Write out each line below precisely, passing over the pictures.

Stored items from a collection

# # # #

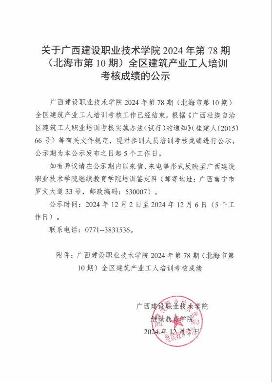 培训信息 当前位置: 首页 >> 培训信息 >> 正文 关于伟德国际1946源于英国2024年全区建筑产业工人第78期(北海市第10期)培训考核成绩的公示 发布日期:2024-12-02 点击: 附件【关于伟德国际1946源于英国2024年全区建筑产业工人第78期(北海市第10期)培训考核成绩的公示.pdf】已下载次
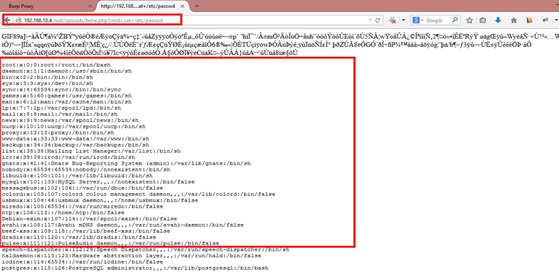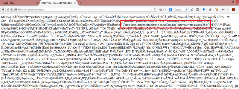 We can see the GIF file image code in the browser. We can also see our backdoor we added in the previous steps has also been executed, because the extension has changed from GIF to PHP.
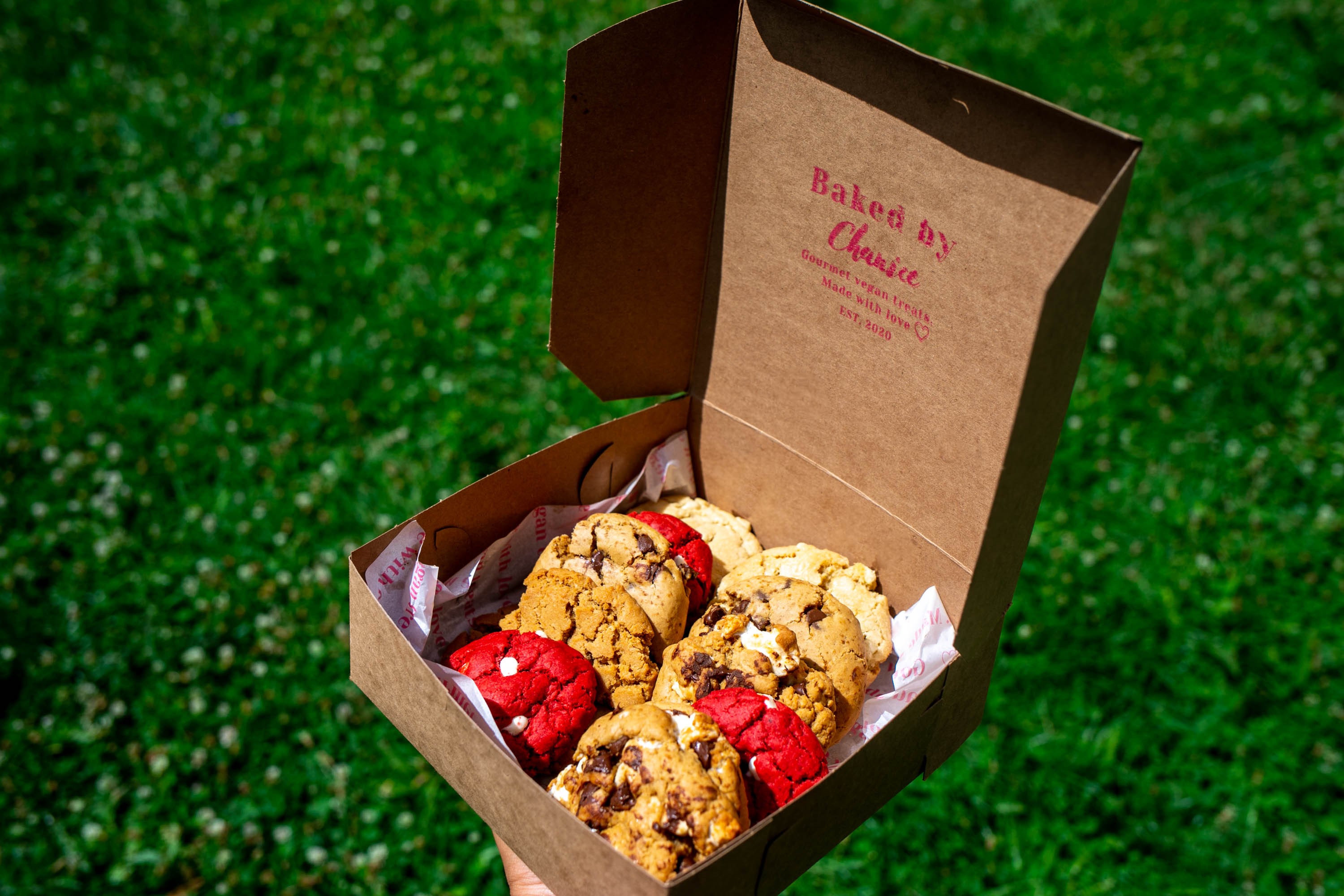 Her parents, Greg and Deidra, also vegans, were her taste testers. It took a few test batches, but they finally gave her the thumbs up for cookies that are crunchy and crispy on the edges, but toothsome and chewy at their centers. From there, she perfected other cookie recipes: red velvet cheesecake, birthday cake, white chocolate macadamia nut, and peanut butter. Now there are more than a dozen flavors in her arsenal.
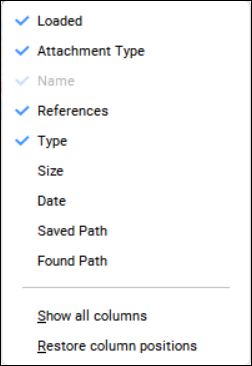 Column headers describe the properties of each attachment. You can sort the attached files list in ascending or descending order for any property by clicking once or twice on the column header. A right-click menu on the column headers enables you to customize them:
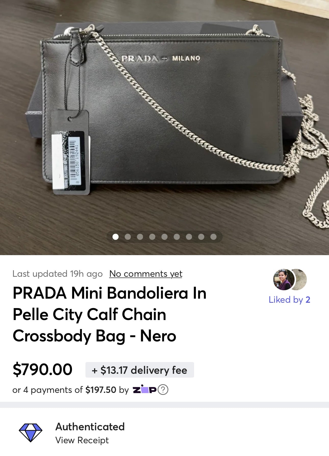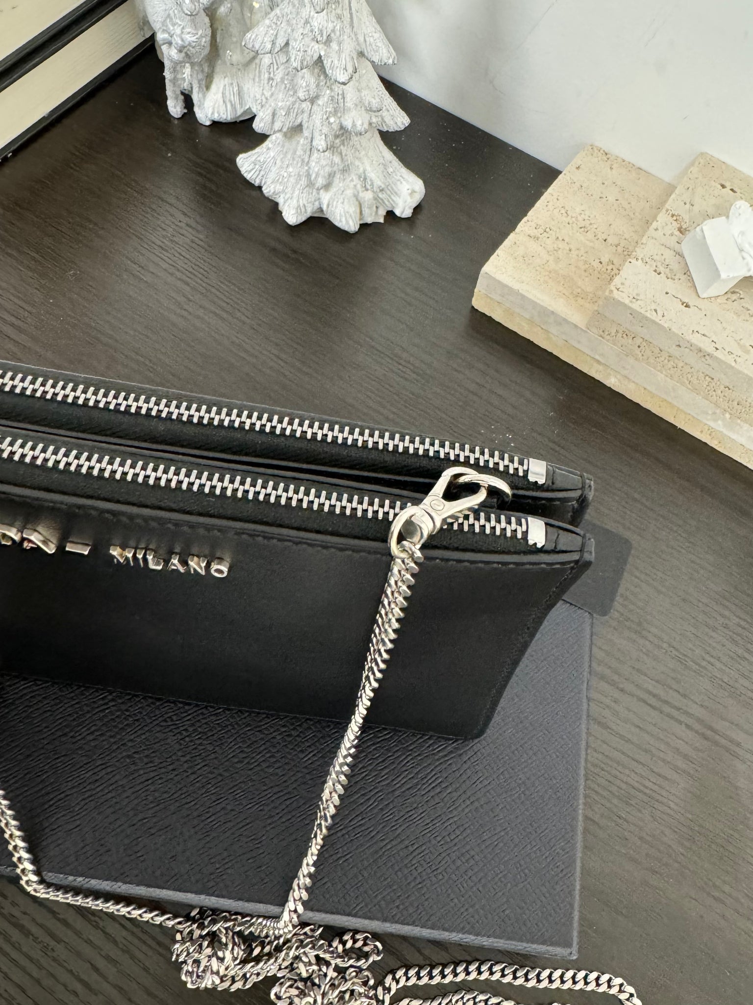 ▪️SOLD▪️PRADA Mini Bandoliera In Pelle City Calf Chain Crossbody Bag - Nero
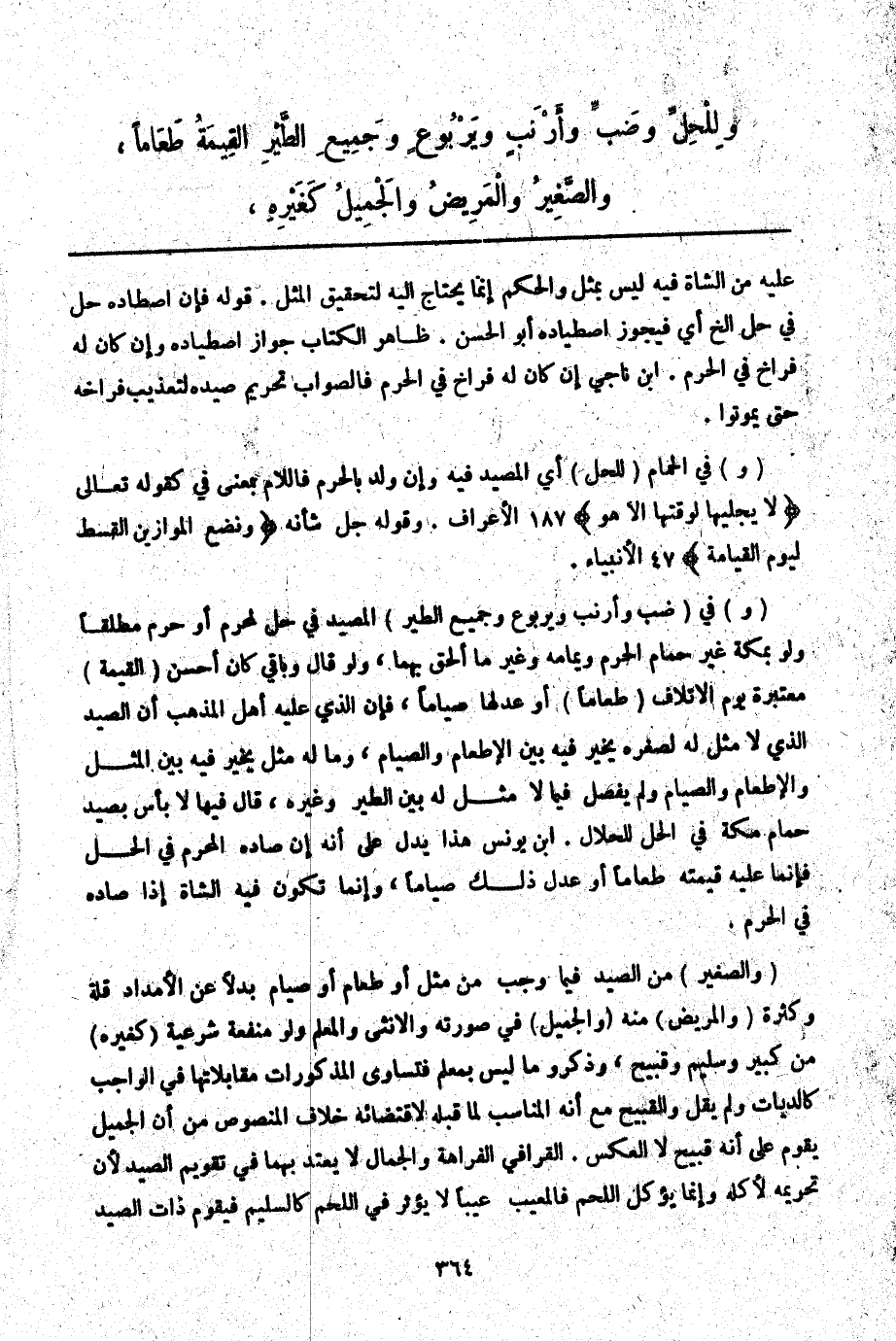 (وَالصَّغِيرُ) مِنْ الصَّيْدِ فِيمَا وَجَبَ مِنْ مِثْلٍ أَوْ طَعَامٍ أَوْ صِيَامٍ بَدَلًا عَنْ الْأَمْدَادِ قِلَّةً وَكَثْرَةً (وَالْمَرِيضُ) مِنْهُ (وَالْجَمِيلُ) فِي صُورَتِهِ وَالْأُنْثَى وَالْمُعَلَّمُ وَلَوْ مَنْفَعَةً شَرْعِيَّةً (كَغَيْرِهِ) مِنْ كَبِيرٍ وَسَلِيمٍ وَقَبِيحٍ، وَذَكَرُوا مَا لَيْسَ بِمُعَلَّمٍ فَتَسَاوِي الْمَذْكُورَاتِ مُقَابِلَاتُهَا فِي الْوَاجِبِ كَالدِّيَاتِ وَلَمْ يَقُلْ وَالْقَبِيحُ مَعَ أَنَّهُ الْمُنَاسِبُ لِمَا قَبْلَهُ لِاقْتِضَائِهِ خِلَافَ الْمَنْصُوصِ مِنْ أَنَّ الْجَمِيلَ يُقَوَّمُ عَلَى أَنَّهُ قَبِيحٌ لَا الْعَكْسُ. الْقَرَافِيُّ الْفَرَاهَةُ وَالْجَمَالُ لَا يُعْتَدُّ بِهِمَا فِي تَقْوِيمِ الصَّيْدِ؛ لِأَنَّ تَحْرِيمَهُ لِأَكْلِهِ وَإِنَّمَا يُؤْكَلُ اللَّحْمُ فَالْمَعِيبُ عَيْبًا لَا يُؤَثِّرُ فِي اللَّحْمِ كَالسَّلِيمِ فَيُقَوِّمُ ذَاتَ الصَّيْدِ

# # # #

* **OUTPUT FOR THIS TASK**
 培训信息 当前位置: 首页 >> 培训信息 >> 正文 关于伟德国际1946源于英国2024年全区建筑产业工人第78期(北海市第10期)培训考核成绩的公示 发布日期:2024-12-02 点击: 附件【关于伟德国际1946源于英国2024年全区建筑产业工人第78期(北海市第10期)培训考核成绩的公示.pdf】已下载次
 We can see the GIF file image code in the browser. We can also see our backdoor we added in the previous steps has also been executed, because the extension has changed from GIF to PHP.
 Her parents, Greg and Deidra, also vegans, were her taste testers. It took a few test batches, but they finally gave her the thumbs up for cookies that are crunchy and crispy on the edges, but toothsome and chewy at their centers. From there, she perfected other cookie recipes: red velvet cheesecake, birthday cake, white chocolate macadamia nut, and peanut butter. Now there are more than a dozen flavors in her arsenal.
 Column headers describe the properties of each attachment. You can sort the attached files list in ascending or descending order for any property by clicking once or twice on the column header. A right-click menu on the column headers enables you to customize them:
 ▪️SOLD▪️PRADA Mini Bandoliera In Pelle City Calf Chain Crossbody Bag - Nero
 (وَالصَّغِيرُ) مِنْ الصَّيْدِ فِيمَا وَجَبَ مِنْ مِثْلٍ أَوْ طَعَامٍ أَوْ صِيَامٍ بَدَلًا عَنْ الْأَمْدَادِ قِلَّةً وَكَثْرَةً (وَالْمَرِيضُ) مِنْهُ (وَالْجَمِيلُ) فِي صُورَتِهِ وَالْأُنْثَى وَالْمُعَلَّمُ وَلَوْ مَنْفَعَةً شَرْعِيَّةً (كَغَيْرِهِ) مِنْ كَبِيرٍ وَسَلِيمٍ وَقَبِيحٍ، وَذَكَرُوا مَا لَيْسَ بِمُعَلَّمٍ فَتَسَاوِي الْمَذْكُورَاتِ مُقَابِلَاتُهَا فِي الْوَاجِبِ كَالدِّيَاتِ وَلَمْ يَقُلْ وَالْقَبِيحُ مَعَ أَنَّهُ الْمُنَاسِبُ لِمَا قَبْلَهُ لِاقْتِضَائِهِ خِلَافَ الْمَنْصُوصِ مِنْ أَنَّ الْجَمِيلَ يُقَوَّمُ عَلَى أَنَّهُ قَبِيحٌ لَا الْعَكْسُ. الْقَرَافِيُّ الْفَرَاهَةُ وَالْجَمَالُ لَا يُعْتَدُّ بِهِمَا فِي تَقْوِيمِ الصَّيْدِ؛ لِأَنَّ تَحْرِيمَهُ لِأَكْلِهِ وَإِنَّمَا يُؤْكَلُ اللَّحْمُ فَالْمَعِيبُ عَيْبًا لَا يُؤَثِّرُ فِي اللَّحْمِ كَالسَّلِيمِ فَيُقَوِّمُ ذَاتَ الصَّيْدِ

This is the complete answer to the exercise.